■ WHAT IS EXPECTED: Find the lines in the records that carry the word "Moya". Copy each one.

■ DATASET ENTRIES:
########
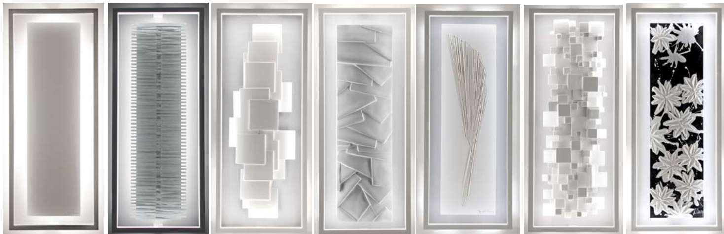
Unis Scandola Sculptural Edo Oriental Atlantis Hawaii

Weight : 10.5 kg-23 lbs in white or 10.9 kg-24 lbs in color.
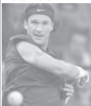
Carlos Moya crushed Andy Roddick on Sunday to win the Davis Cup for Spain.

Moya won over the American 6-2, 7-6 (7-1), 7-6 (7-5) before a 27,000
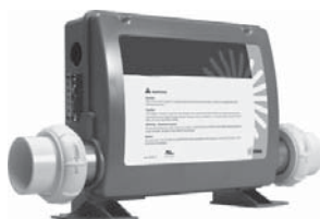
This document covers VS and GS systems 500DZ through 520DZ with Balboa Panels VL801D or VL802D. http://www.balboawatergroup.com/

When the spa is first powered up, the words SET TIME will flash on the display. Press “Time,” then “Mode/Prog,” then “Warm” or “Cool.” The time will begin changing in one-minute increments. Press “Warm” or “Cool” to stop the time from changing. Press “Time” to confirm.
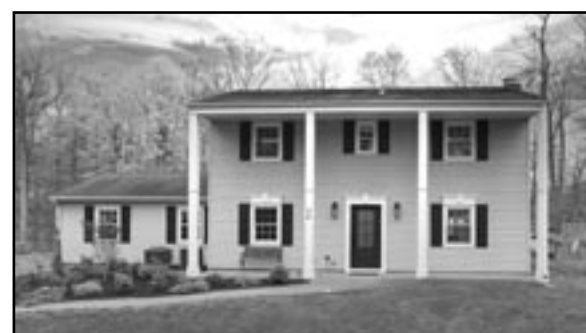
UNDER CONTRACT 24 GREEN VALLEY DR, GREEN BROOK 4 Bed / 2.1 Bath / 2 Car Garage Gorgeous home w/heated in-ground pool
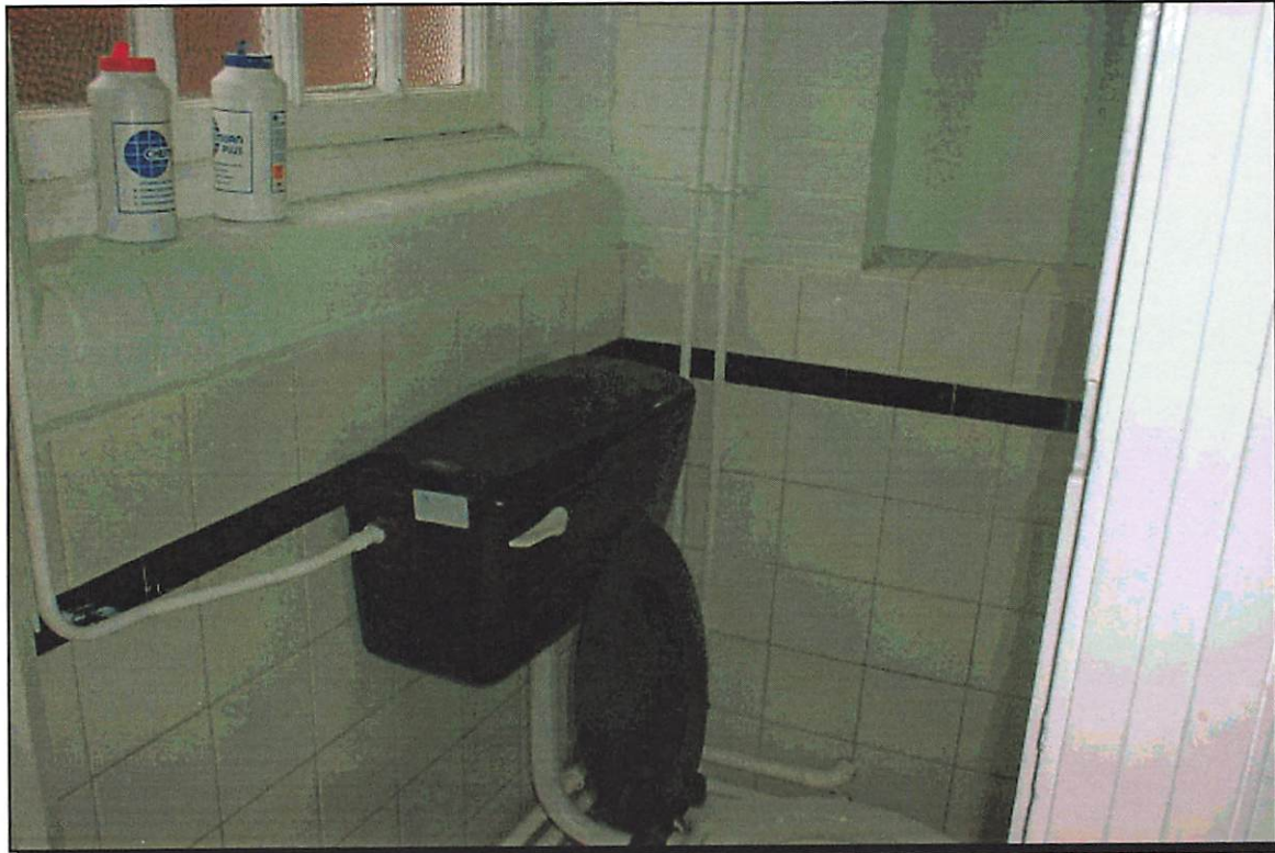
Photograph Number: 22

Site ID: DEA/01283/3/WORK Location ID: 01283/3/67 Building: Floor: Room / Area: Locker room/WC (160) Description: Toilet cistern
########
■ RESPONSE TO THIS EXERCISE:
Carlos Moya crushed Andy Roddick on Sunday to win the Davis Cup for Spain.
Moya won over the American 6-2, 7-6 (7-1), 7-6 (7-5) before a 27,000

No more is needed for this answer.